So I would encourage you to ignore Amazon. Seriously, you could make this in a weekend in a Google Chrome browser on an Android device that you plug a nice microphone into.


In google chrome it reaches out to google to do the recognition.

.NET seems to be built on the technology that has shipped with Windows for a while, and yet Cortana etc still reach out to the mothership for their speech recognition, so there are probably significant benefits to doing so, otherwise someone would have made theirs work offline and touted it.

I'm guessing that matching a pre-specified pattern with some amount of error is easier than transcribing arbitrary voice, which you need for search.

But I definitely agree, I regularly wish I could stop google maps' directions with a voice command when I get to a part of a route that I already know well enough to complete myself.


With the cloud-based systems, it seems they made them from the perspective of their mobile devices, then ported the APIs to the desktop experience. The idea they are trying to put across is that it costs less energy on the phone to fire up the radio and send it to The Cloud--waiting a whole second just for network and processing queue latency--than it is to process locally. I don't think that is actually the case and it's just a sell to get all data to go through their systems.

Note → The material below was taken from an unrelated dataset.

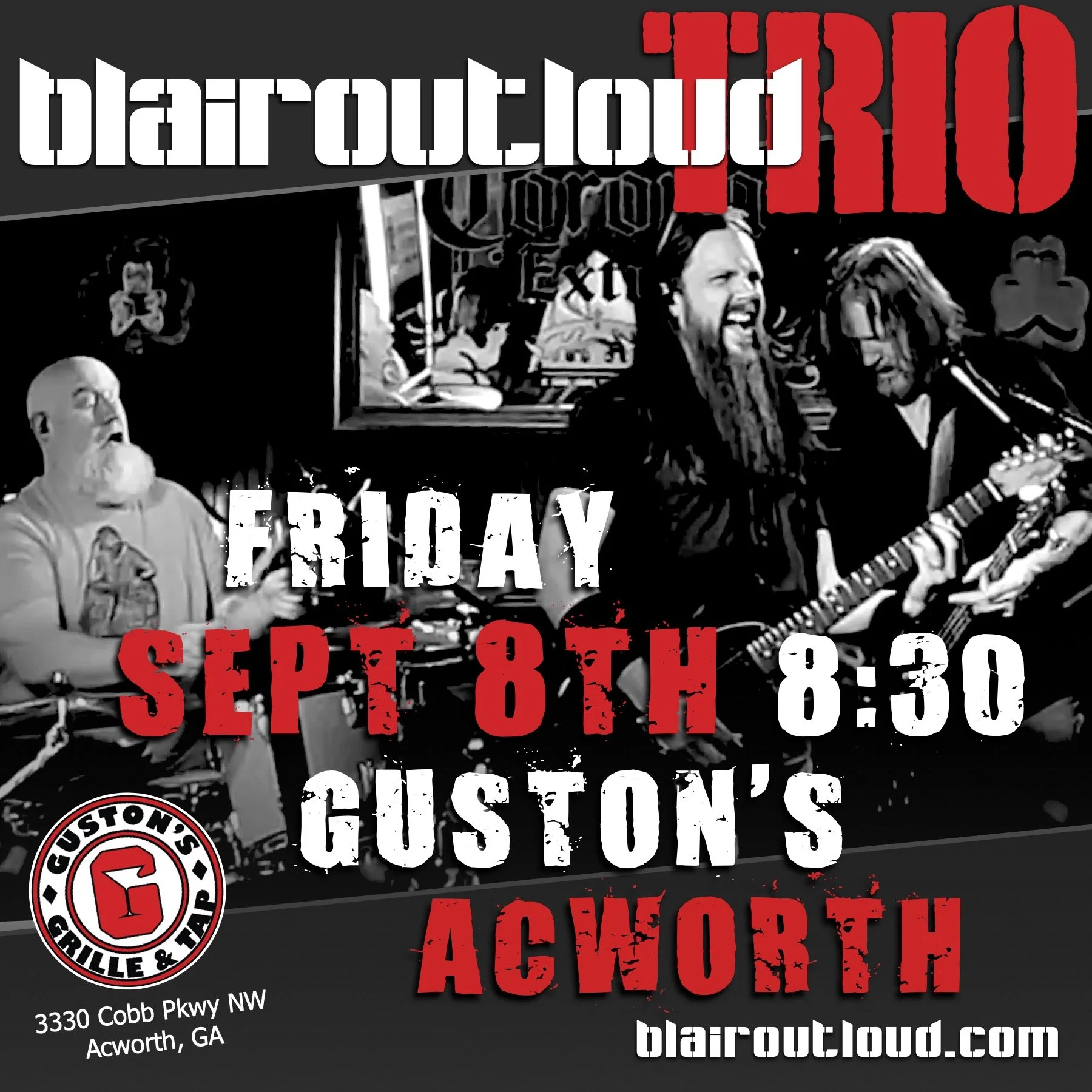 Oh no.. who let the BlairOutLoud TRIO back in over at Guston’s Acworth!? Never too serious, these guys jam classic rock, 80s hits, and 90s alternative. They take requests and engage with the crowd. Come grab some dinner, drinks, and sing along with the guys on this killer Friday night!

There aren't more popular client-side APIs because there aren't more popular client-only applications, and there aren't more popular client-only applications because developing the user experience is hard. I think, if you used one of these systems to figure out a good UX, then it would give you the impetus to chase down a good client-side solution for speech recognition.


It is not just a sell. I build Neural Networks as part of some work I am doing, and the kinds of multi-layer deep networks that do the recognition just don't perform well on small devices. Also the best systems often have many different trained networks and specialized routing to find the best network for your accent, cadence, noise level, etc. Having all of these weights on your local device, running all the tests, running through any of the required preprocessing, and asking the network what the answer is, converting the results, etc. is going to be too much for your phone or low powered device. While there might be other reasons for them to send data to the cloud, to get the accuracy you really need beefy servers (potentially with GPU's or something more exotic like FPGA's), and potentially multiple servers working in concert.


Since I don't know the factors involved and you do, I must then ask how to reconcile this with the fact that the first version of Dragon NaturallySpeaking was released in 1997. My smartphone is definitely more powerful than even a top-of-the-line 1997 desktop PC.

Now, I am sure Dragon V1 would be quite underwhelming to my modern notions of how computers should work. But I would even say my smartphone is better than a middle-of-the-road PC from 2010. It's better than my PS2, and even my PS2 had a few games that had speech interface (some Navy Seals game, it worked pretty well).

What factors are at play? Is it the noise cancellation? Seems like a stationary device in a home has the ideal chance to create a reusable noise cancellation profile.


I was thinking about making my own as well! I haven't done any research but you'd need a smartphone dock, a good microphone/speaker (wireless microphones/speakers around the house?!?). Better yet, mount a tablet on the wall somewhere convenient/attractive (living room, next to thermostat, etc.) and wire everything behind it.

Change Android settings to always listen when screen is on, then keep screen always on (dims when not active). Voice-controlled App support galore! Google Now! Develop whatever you need/want!

The Echo is a neat idea put into action, but it can be hacked together in a much better way, very easily.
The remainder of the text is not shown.